What provoked such a change is uncertain, but the symbolism of rebirth, of baptism associated to the sea journey is significant. And part of Hamlet’s newfound composure clearly has to do with the emotional detachment that he appears to have reached with the haunting, vengeful and mythified memory of his father. Indeed, one cannot but read his demythologizing reflections on such warrior-kings as Alexander and Julius Caesar (V-1, 187, 202) as an implicit demythologization of his own warrior-king of a father, whose life, like theirs, he now acknowledges is nothing but dust. Hamlet’s acceptance of death – a strikingly more serene one than in the ‘To Be Or Not To Be’ soliloquy for instance – thus fulfils his coming of age, a process by which he appears to have come of age, and perhaps has learnt to ‘kill the father’. Thus, one may say that this whole cemetery scene paradoxically completes a process of rebirth and self-assertion for Hamlet, which will culminate when he later challenges Laertes and the whole of Ophelia’s funeral procession by proudly stating his royal self: ‘This is I, / Hamlet the Dane’. (V-1, 246-7)

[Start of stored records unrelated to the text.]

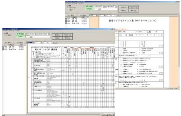
【在宅ケアアセスメント表・CAP選定表】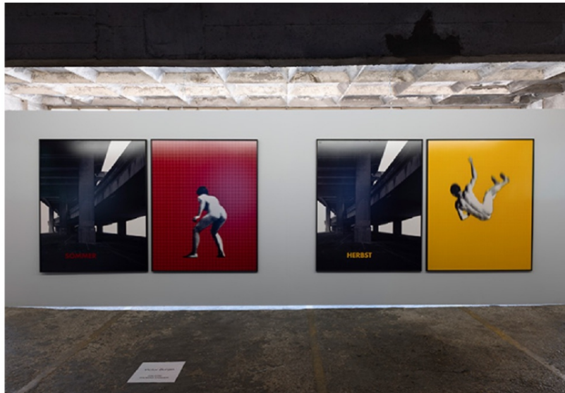
In situ - Victor Burgin Herbst - Four-Seasons , 1993 - Galerie-Thomas-Zander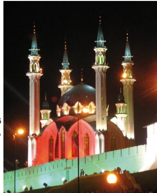
Der Kreml von Kasan

Anhand einer quantitativen und qualitativen Untersuchung der Kontakte der Republik Tatarstan zu anderen russischen Regionen wurde überprüft, welche offiziellen Formen der regionalen Kooperation und Koordination sich im postsowjetischen Russland entwickelt haben. Längere Vor-Ort-Aufenthalte in Moskau und Kasan wurden ergänzt durch Forschungsreisen in andere Regionen, in denen Tatarstan Ständige Vertretungen oder Handels- und Wirtschaftsvertretungen eingerichtet hat. Dabei konnte festgestellt werden,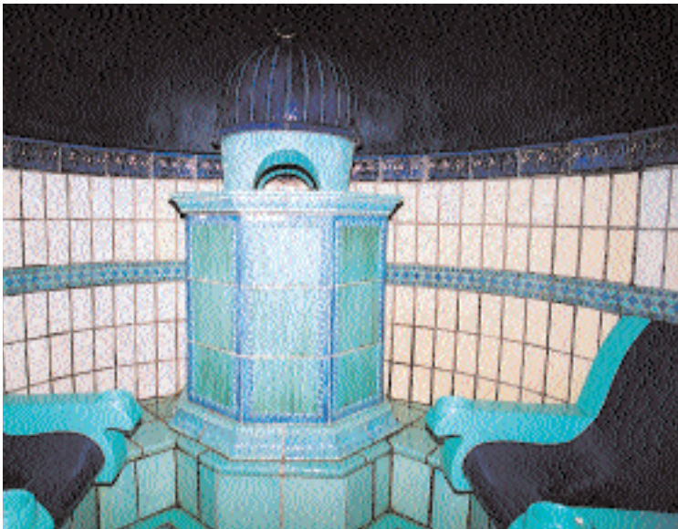
Verwöhnen lassen können sich Hotelgäste auch im Rasulbad, einer altägyptischen Heilerdebehandlung.

[1] In his novel Tristram Shandy (1759) Laurence Sterne introduced the memorable comic character of the parson Yorick, who is meant to be a descendant of Shakespeare’s character – yet another explanation for why ‘Yorick’ has become such a household name in England.

[2] Well into the 1900s, there was a tradition, especially in the English theatre, that the actor playing the quick-witted Gravedigger also played the verbose Polonius.

[3] The origin of the expression is from Ecclesiastes 1:2: ‘Vanity of vanities, says the Preacher, vanity of vanities! All is vanity’.

[4] It was a common motif in the tradition of the danse macabre to show  a skull appear beside a woman at her toilet.

[5] Bear in mind that Caesar – one of the very few conquerors of Britain – was not a particularly popular figure in Elizabethan England: here, in other words, Shakespeare clearly had Hamlet play to the groundlings.

[6] From a metadramatic perspective, the image of Hamlet holding a skull in his hand, finding himself face to face with it, is a powerful, proleptic image of his ineluctable death in the play itself.